**What you should do**. Output the span of lines from the one that contains "廣州旭眾食品機械有限公司是一" through the end of the records, inclusive, exactly as written and free of pictures.

**Data extracts**.

"""

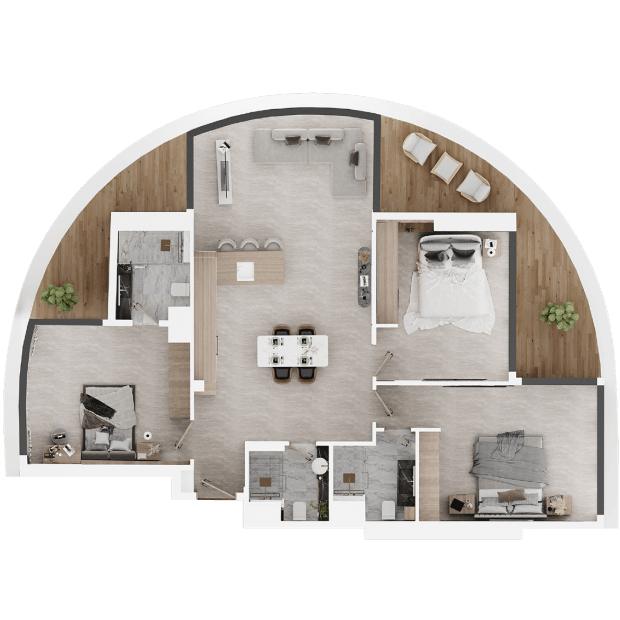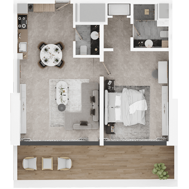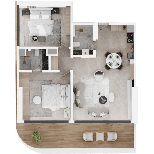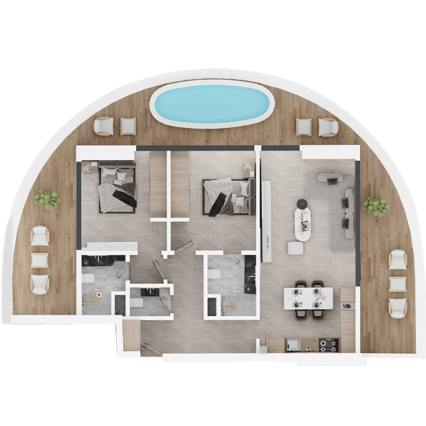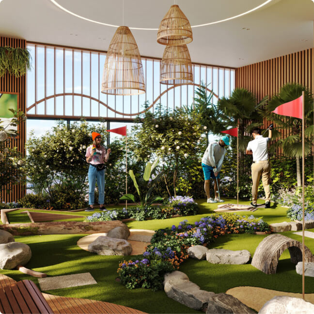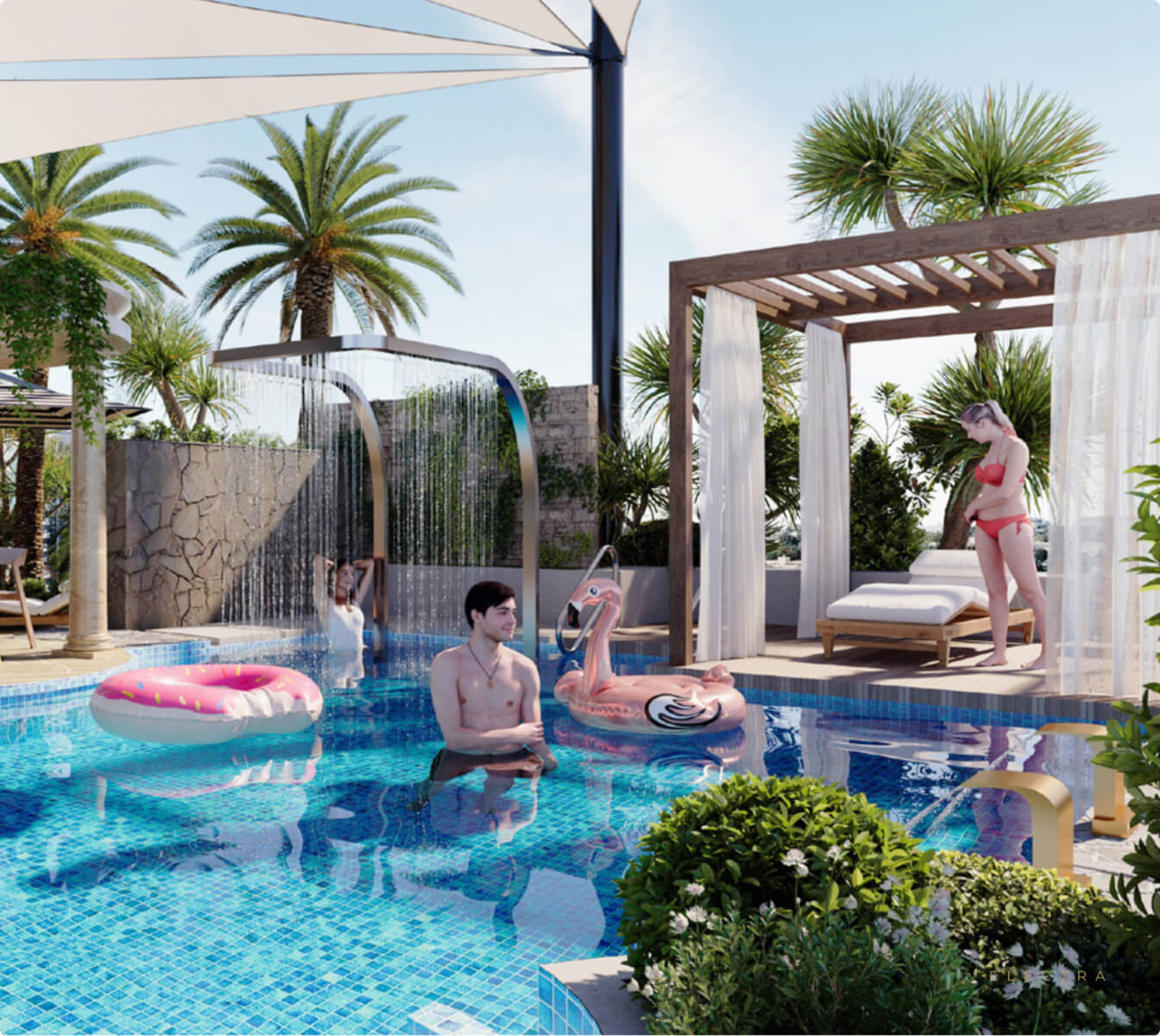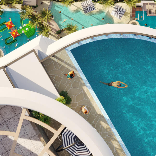 К покупке представлены апартаменты c 1, 2 и 3 спальнями. Жители смогут насладится бассейном с реальным песком, детскими игровыми комнатами, мини-гольфом, тренажерным залом и кинотеатром.
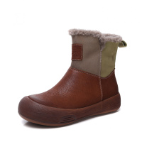 加绒真皮雪地靴冬季新款魔术贴休闲保暖单鞋复古女鞋百搭棉鞋
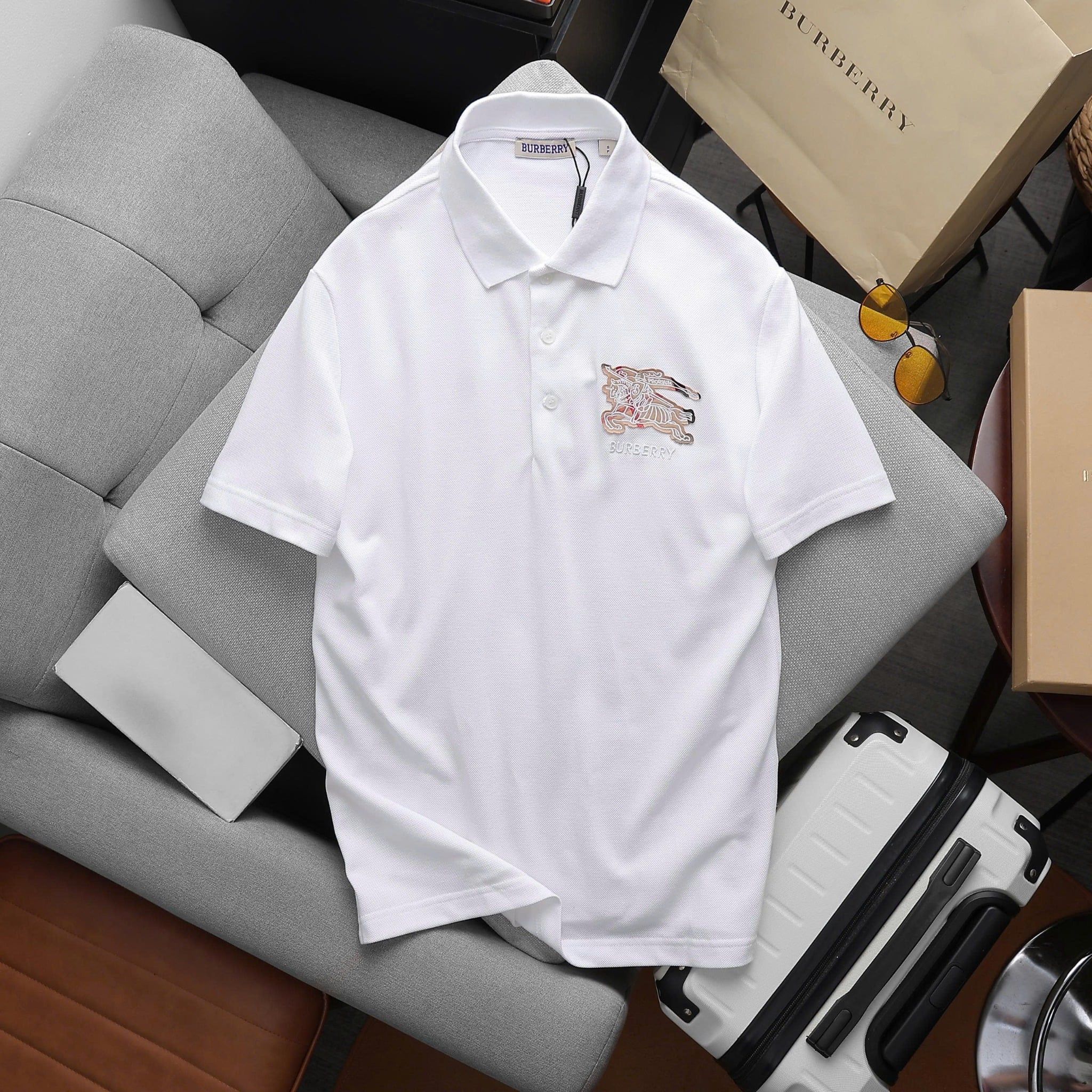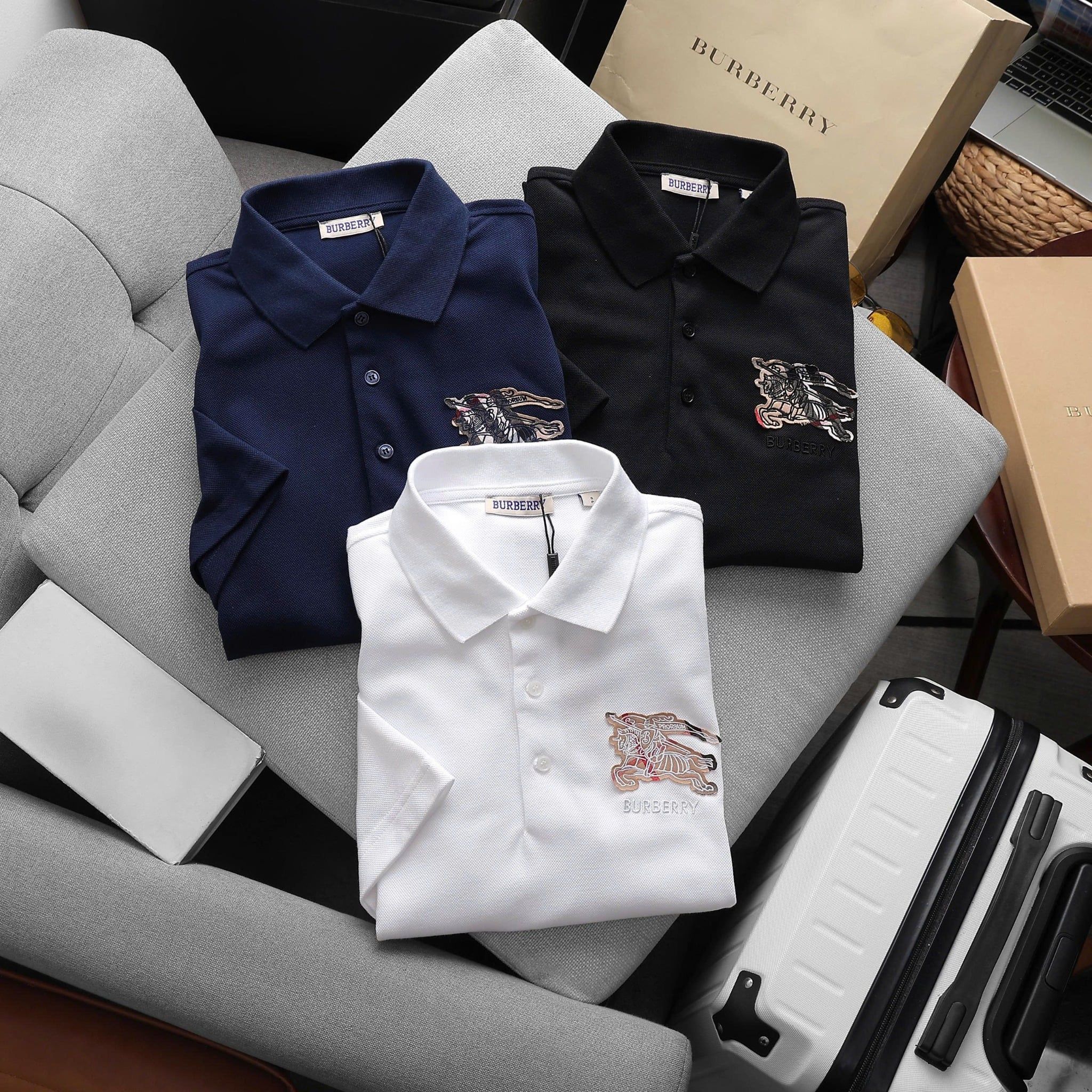 Áo Thun Nam Polo BURBERRY LOGO Ngựa Thêu 3 MÀU Form Regular-Fit Vải Dệt Tơ Cao Cấp Sang Trọng
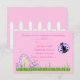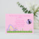 bonito rosado jardín rsvp para fiesta de cumpleaños o celebración. Pájaro de color púrpura y catepillar en el jardín
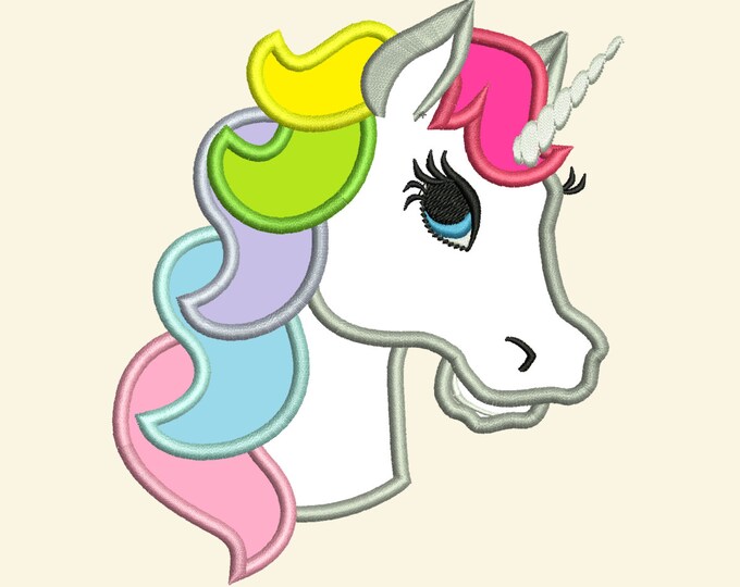 Unicorn Face Head Applique Machine Embroidery Design Embroidery
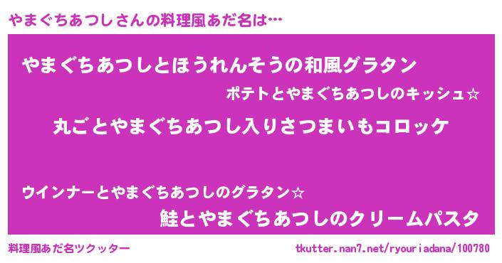 | 意味不明あだ名 | 『住所不定無職やまぐちあつし(79歳)』 |
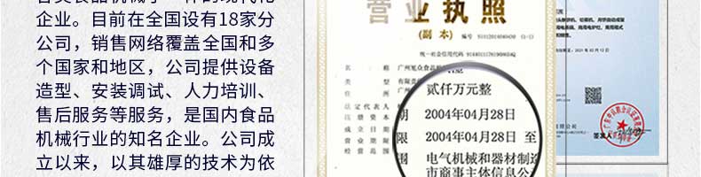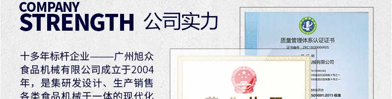 廣州旭眾食品機械有限公司是一家集科研開發(fā),生產(chǎn)設計,營銷服務為一體的現(xiàn)代化生產(chǎn)企業(yè)?,F(xiàn)代化生產(chǎn)車間,精湛制造技術,所產(chǎn)機械歷經(jīng)市場重重考驗,不斷贏得海內(nèi)外客戶的贊譽。
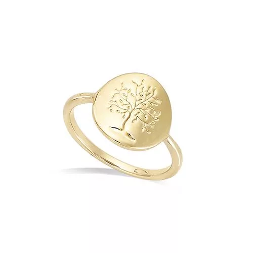 Bague en plaqué or ornée d’une médaille ronde avec motif Arbre de Vie. Elégante et symbolique, elle représente la force, l’équilibre et la croissance.

"""

**Completed exercise**.
 廣州旭眾食品機械有限公司是一家集科研開發(fā),生產(chǎn)設計,營銷服務為一體的現(xiàn)代化生產(chǎn)企業(yè)?,F(xiàn)代化生產(chǎn)車間,精湛制造技術,所產(chǎn)機械歷經(jīng)市場重重考驗,不斷贏得海內(nèi)外客戶的贊譽。
 Bague en plaqué or ornée d’une médaille ronde avec motif Arbre de Vie. Elégante et symbolique, elle représente la force, l’équilibre et la croissance.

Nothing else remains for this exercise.